*** Dataset records ***

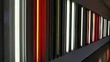 Irwin first used fluorescent light in the 1970s.[5] His site-conditioned installation Excursus: Homage to the Square3, a meditation on the painter Josef Albers and his explorations of color relationships,[6] was presented at Dia:Chelsea between 1998 and 2000. It consists of 18 small rooms, divided by walls of tautly stretched scrim; the light in each room, its value depending on the distance from the windows, is enhanced by four white-and-colored double fluorescent bulbs, each hung vertically at the center of each wall.[6] In 2015, it was reinstalled at Dia:Beacon where it was on view through 2017.[5] For a 2015 exhibition at Pace Gallery in New York City, Irwin installed rows of columnar lights, coating the different tubes with colored gels that alter the transmission of light.[5]
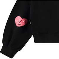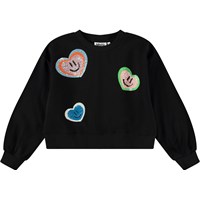 Zwarte sweater van zacht biologisch katoen met ribboord rond de hals, mouwen en onderkant. De sweater is oversized en heeft kleurijke geborduurde pailletten in de vorm van lachende hartjes.
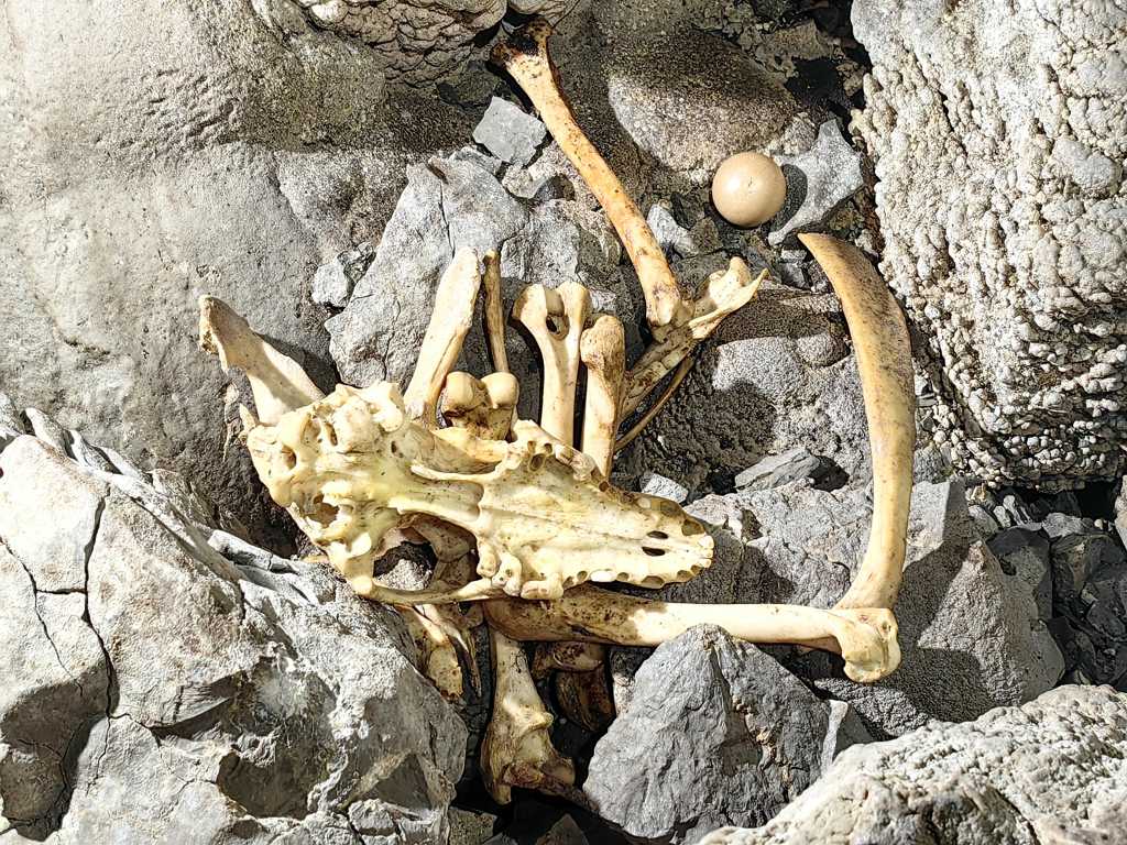 54628. Череп и кости, которые, согласно выводам Приможа Пресетника - Пипистрела (из-за большой длины и формы черепа, а также формы и расположения премоляров и моляров), с большой вероятностью принадлежат волку, Canis lupus. После падения на дно входного колодца животное отступило примерно на 15 метров в сторону, под сталагмитовую часть зала, и встретило там свой конец. Шарик вверху справа не является частью скелета, он добавлен для масштаба, изготовлен из древесины бука и имеет диаметр 40 мм.
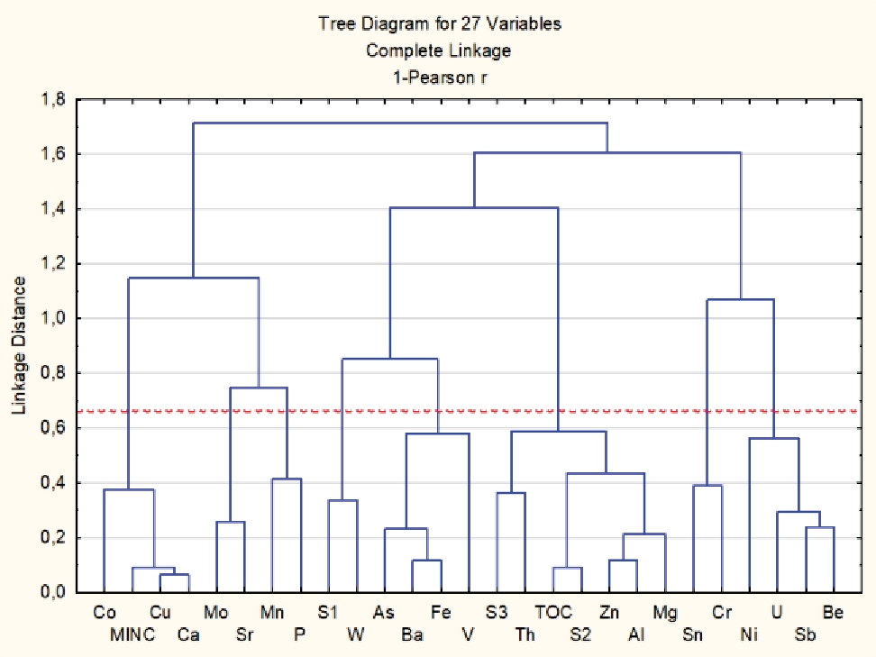 Как видно из дендрограммы корреляционной матрицы геохимического спектра по средневзвешенным содержаниям и некоторым пиролитическим параметрам, геохимические спектры образуют восемь значимых микроассоциаций {Co-MinC-Cu-Ca; Mo-Sr; Mn-P; W-S1; As, Ba, Fe, V; S3-Th-TOC-S2-Zn-Al-Mg; Sn-Cr; Ni-U-Sb-Be} (рис. 3).
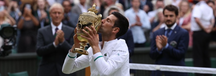 Ce dimanche, le Serbe Novak Djokovic (n°1) a remporté son sixième titre à Wimbledon, et son vingtième trophée en Grand chelem. Il a ainsi égalé le record détenu jusque-là par Roger Federer (n°9) et Rafael Nadal (n°3) et relance le débat du G.O.A.T. (Greatest Of All Time), le plus grand joueur de tous les temps.… Lire la suite Après son titre à Wimbledon, Novak Djokovic relance le débat du plus grand joueur de tous les temps
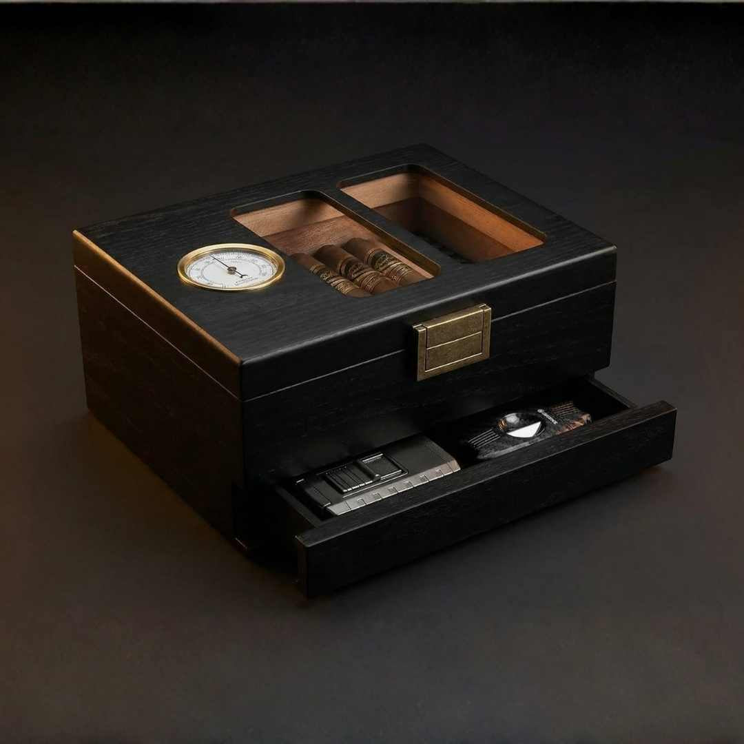 Raffiné dans les moindres détails, le coffret Oculus est conçu pour ceux qui considèrent l'art du cigare comme un rituel. Habillé de cèdre espagnol de qualité et surmonté d'une vitre en verre trempé d'une clarté exceptionnelle, cet humidificateur de bureau est bien plus qu'un simple rangement : c'est l'expression d'un goût raffiné et d'une exigence de qualité.
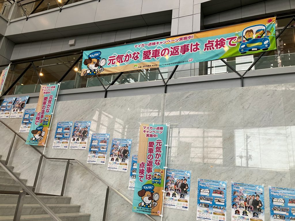 会場入口のホールから多くのてんけんくんや、マイカー点検キャンペーンのスローガンが記載された「のぼり」やポスターが掲示されており、自動車整備関連のイベントであることが強く印象付けられた。
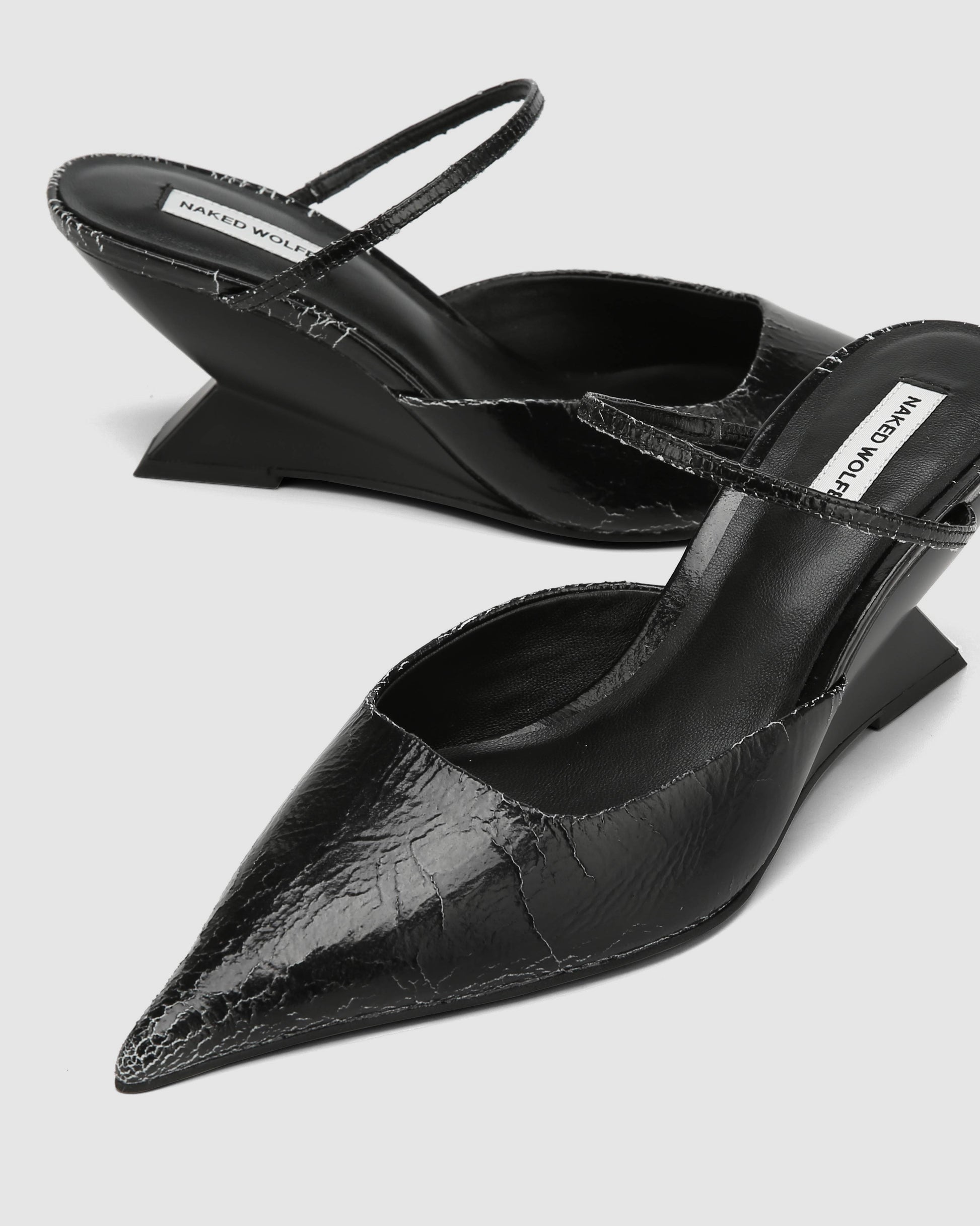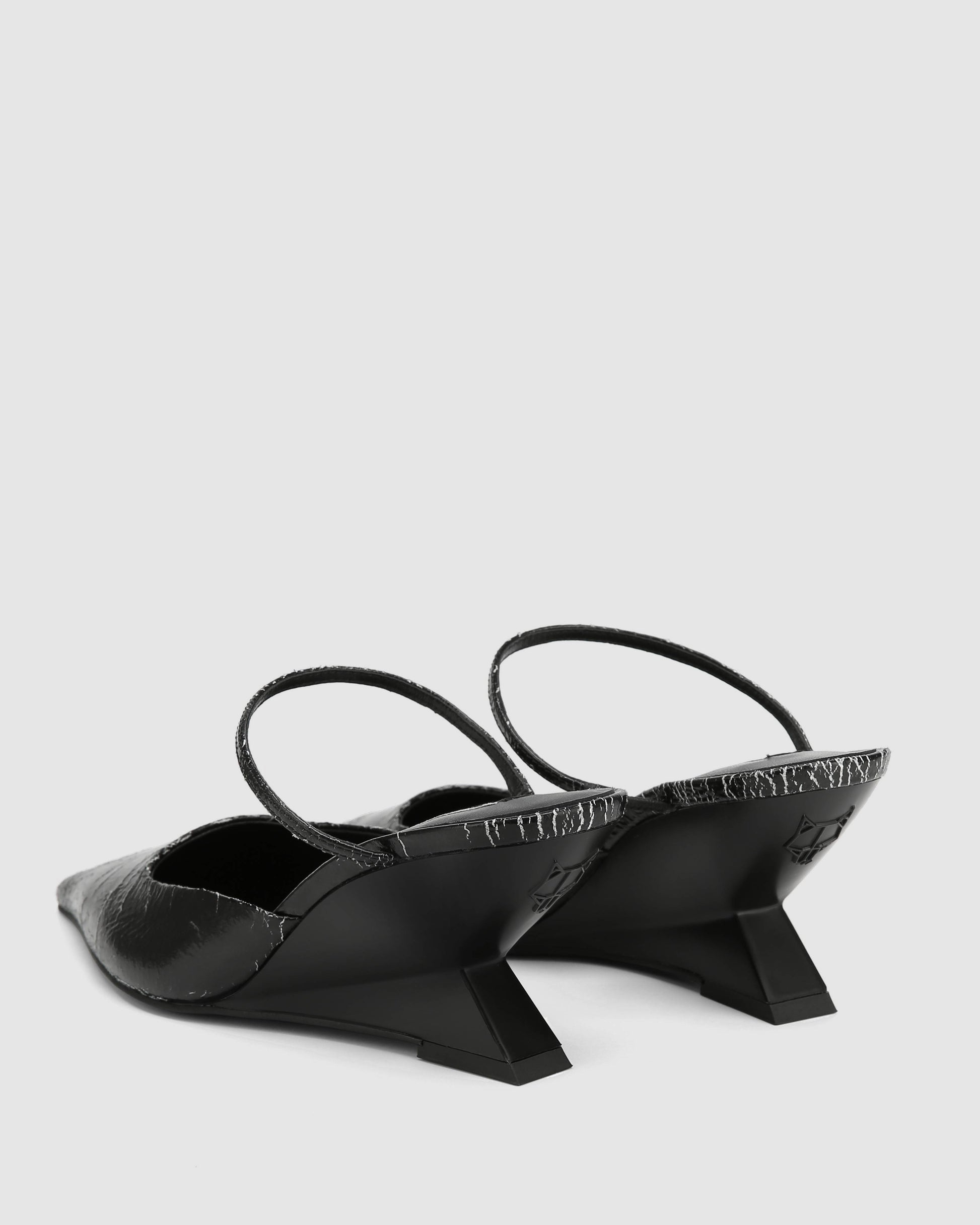 Introducing our new point wedged heel, Salem. This heel comes both a mix of leathers, luxurious brown leather and a new cracked leather. The sexy and sophisticated cut of this upper is flattering and perfect for day and night wear. The upper features a thin instep strap for perfect fitting. With a sleek point toe shape and an angular wedge mould featuring discreet branding, this heel balances style and modern design. The 70mm heel height and full leather insole ensure both comfort and durability.
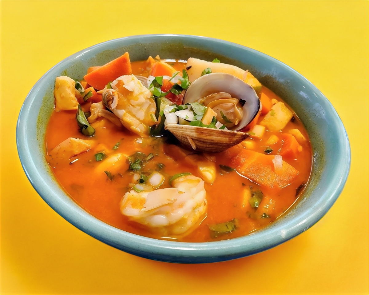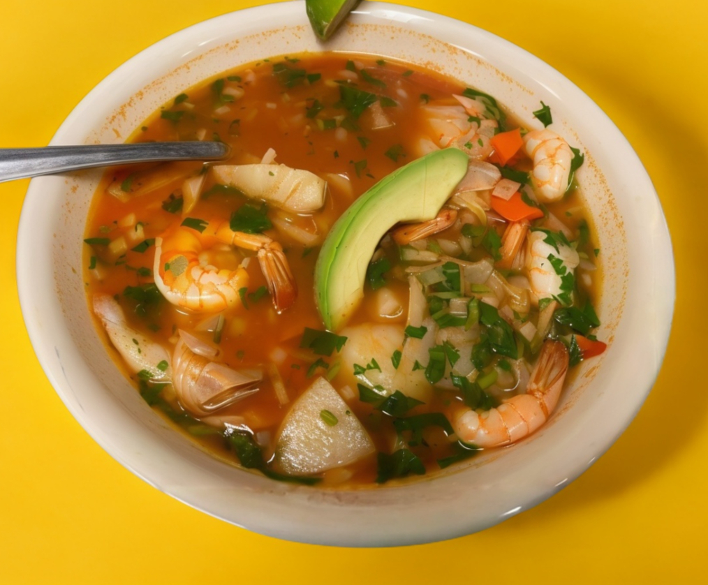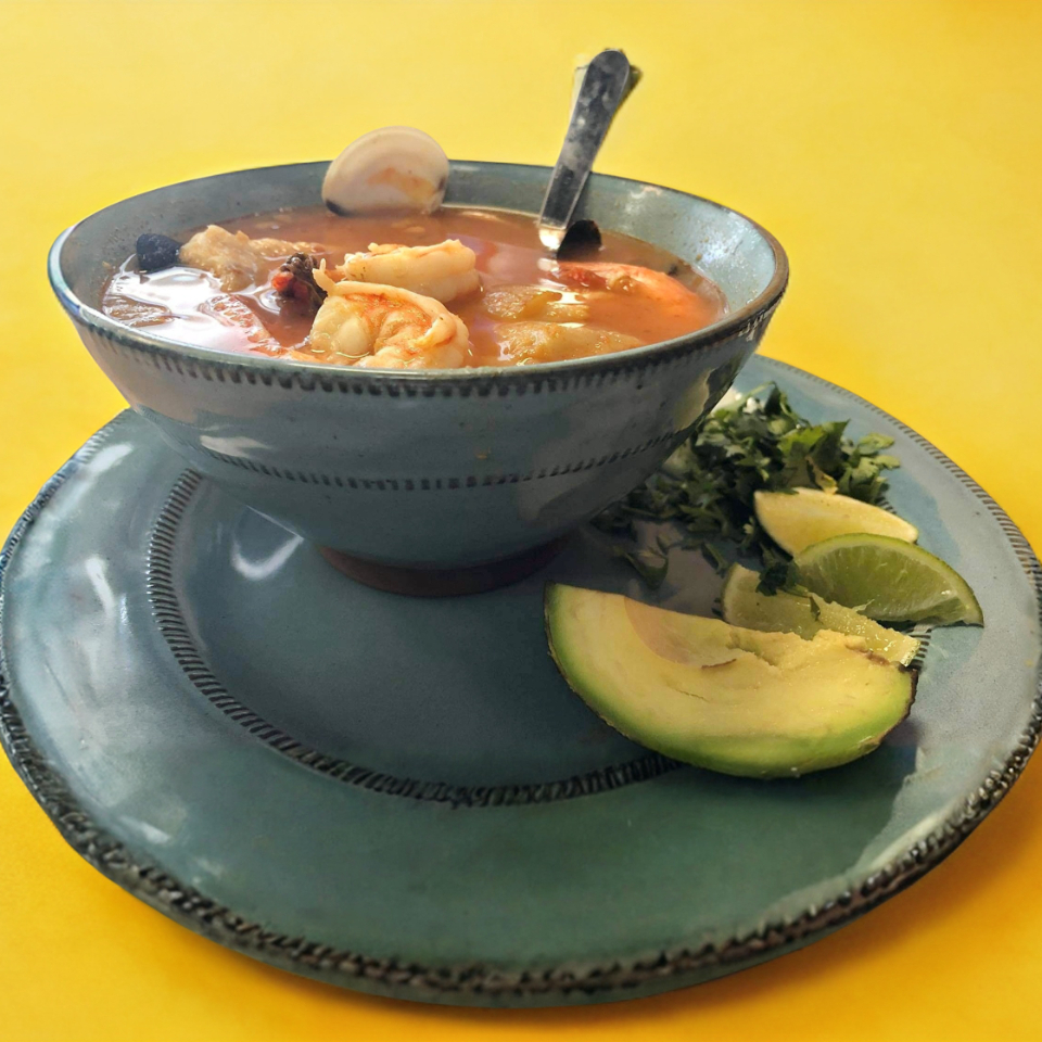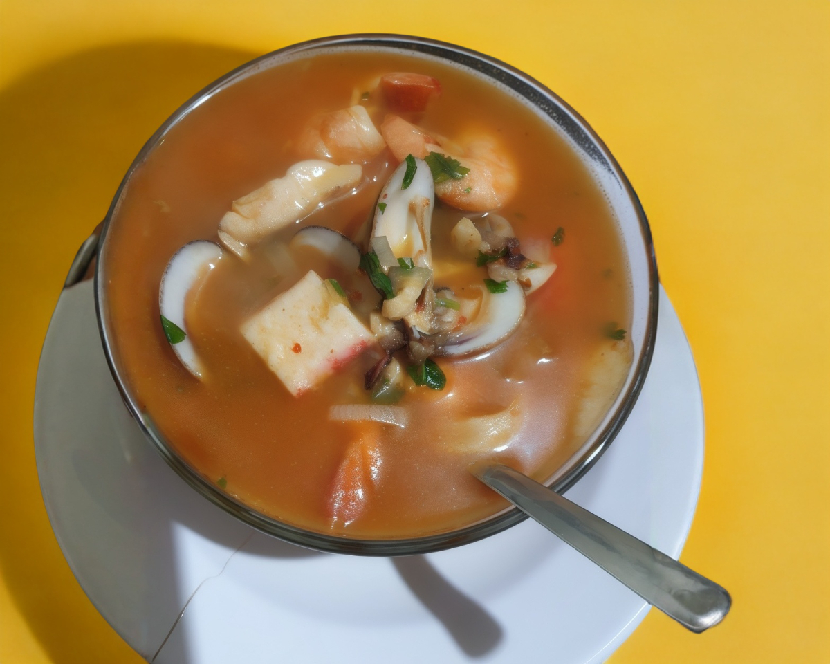 Disfruta de una rica y calientita sopa de mariscos 1LT, incluye porcion de arroz, salsas y aderezo.
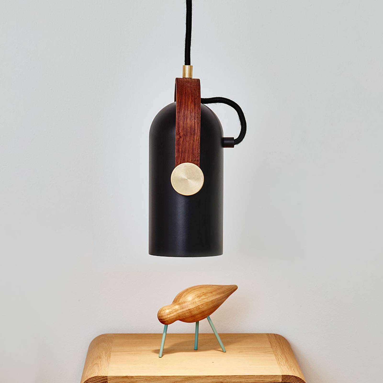 LE KLINT Carronade M – závěsné světlo v černé, Obývací pokoj / jídelna, ocel, mosaz, ořechové dřevo, E27, 15W, K: 36cm
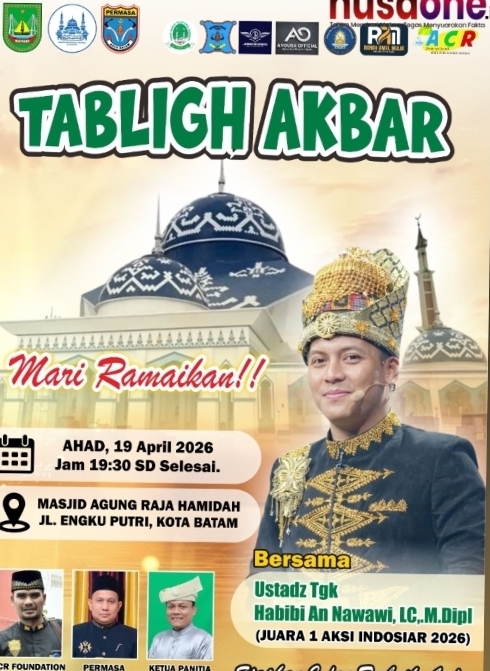 Tabligh Akbar akan digelar di Masjid Agung Raja Hamidah, Kota Batam, pada Ahad, 19 April 2026, mulai pukul 19.30 WIB hingga
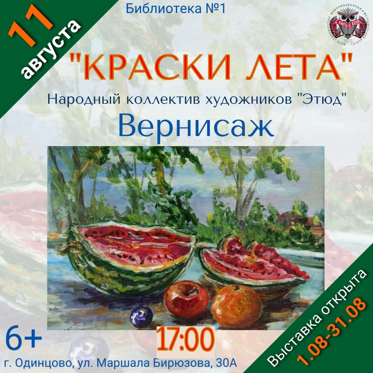 В первой Одинцовской библиотеке открыли выставку «Краски лета». Съёмочная группа ОТВ поговорила с художниками о картинах, сложных техниках и вдохновении.
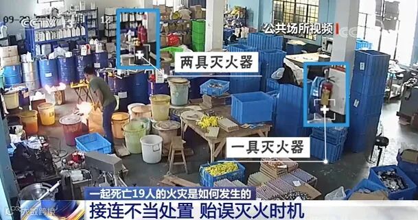 正常来说,此时的火势并不大,而且在他周围,起火点不远处,就放置着3个灭火器,如果他处置方式正确,完全可以将火快速扑灭,且不会造成任何的人员伤亡。但他依然没有使用正确的方法,而且贻误了最佳的灭火时机。

*** End of Dataset records ***

*Problem description*: Every entry should be repeated verbatim, with the pictures left out.

*Solution to this problem*:
 Irwin first used fluorescent light in the 1970s.[5] His site-conditioned installation Excursus: Homage to the Square3, a meditation on the painter Josef Albers and his explorations of color relationships,[6] was presented at Dia:Chelsea between 1998 and 2000. It consists of 18 small rooms, divided by walls of tautly stretched scrim; the light in each room, its value depending on the distance from the windows, is enhanced by four white-and-colored double fluorescent bulbs, each hung vertically at the center of each wall.[6] In 2015, it was reinstalled at Dia:Beacon where it was on view through 2017.[5] For a 2015 exhibition at Pace Gallery in New York City, Irwin installed rows of columnar lights, coating the different tubes with colored gels that alter the transmission of light.[5]
 Zwarte sweater van zacht biologisch katoen met ribboord rond de hals, mouwen en onderkant. De sweater is oversized en heeft kleurijke geborduurde pailletten in de vorm van lachende hartjes.
 54628. Череп и кости, которые, согласно выводам Приможа Пресетника - Пипистрела (из-за большой длины и формы черепа, а также формы и расположения премоляров и моляров), с большой вероятностью принадлежат волку, Canis lupus. После падения на дно входного колодца животное отступило примерно на 15 метров в сторону, под сталагмитовую часть зала, и встретило там свой конец. Шарик вверху справа не является частью скелета, он добавлен для масштаба, изготовлен из древесины бука и имеет диаметр 40 мм.
 Как видно из дендрограммы корреляционной матрицы геохимического спектра по средневзвешенным содержаниям и некоторым пиролитическим параметрам, геохимические спектры образуют восемь значимых микроассоциаций {Co-MinC-Cu-Ca; Mo-Sr; Mn-P; W-S1; As, Ba, Fe, V; S3-Th-TOC-S2-Zn-Al-Mg; Sn-Cr; Ni-U-Sb-Be} (рис. 3).
 Ce dimanche, le Serbe Novak Djokovic (n°1) a remporté son sixième titre à Wimbledon, et son vingtième trophée en Grand chelem. Il a ainsi égalé le record détenu jusque-là par Roger Federer (n°9) et Rafael Nadal (n°3) et relance le débat du G.O.A.T. (Greatest Of All Time), le plus grand joueur de tous les temps.… Lire la suite Après son titre à Wimbledon, Novak Djokovic relance le débat du plus grand joueur de tous les temps
 Raffiné dans les moindres détails, le coffret Oculus est conçu pour ceux qui considèrent l'art du cigare comme un rituel. Habillé de cèdre espagnol de qualité et surmonté d'une vitre en verre trempé d'une clarté exceptionnelle, cet humidificateur de bureau est bien plus qu'un simple rangement : c'est l'expression d'un goût raffiné et d'une exigence de qualité.
 会場入口のホールから多くのてんけんくんや、マイカー点検キャンペーンのスローガンが記載された「のぼり」やポスターが掲示されており、自動車整備関連のイベントであることが強く印象付けられた。
 Introducing our new point wedged heel, Salem. This heel comes both a mix of leathers, luxurious brown leather and a new cracked leather. The sexy and sophisticated cut of this upper is flattering and perfect for day and night wear. The upper features a thin instep strap for perfect fitting. With a sleek point toe shape and an angular wedge mould featuring discreet branding, this heel balances style and modern design. The 70mm heel height and full leather insole ensure both comfort and durability.
 Disfruta de una rica y calientita sopa de mariscos 1LT, incluye porcion de arroz, salsas y aderezo.
 LE KLINT Carronade M – závěsné světlo v černé, Obývací pokoj / jídelna, ocel, mosaz, ořechové dřevo, E27, 15W, K: 36cm
 Tabligh Akbar akan digelar di Masjid Agung Raja Hamidah, Kota Batam, pada Ahad, 19 April 2026, mulai pukul 19.30 WIB hingga
 В первой Одинцовской библиотеке открыли выставку «Краски лета». Съёмочная группа ОТВ поговорила с художниками о картинах, сложных техниках и вдохновении.
 正常来说,此时的火势并不大,而且在他周围,起火点不远处,就放置着3个灭火器,如果他处置方式正确,完全可以将火快速扑灭,且不会造成任何的人员伤亡。但他依然没有使用正确的方法,而且贻误了最佳的灭火时机。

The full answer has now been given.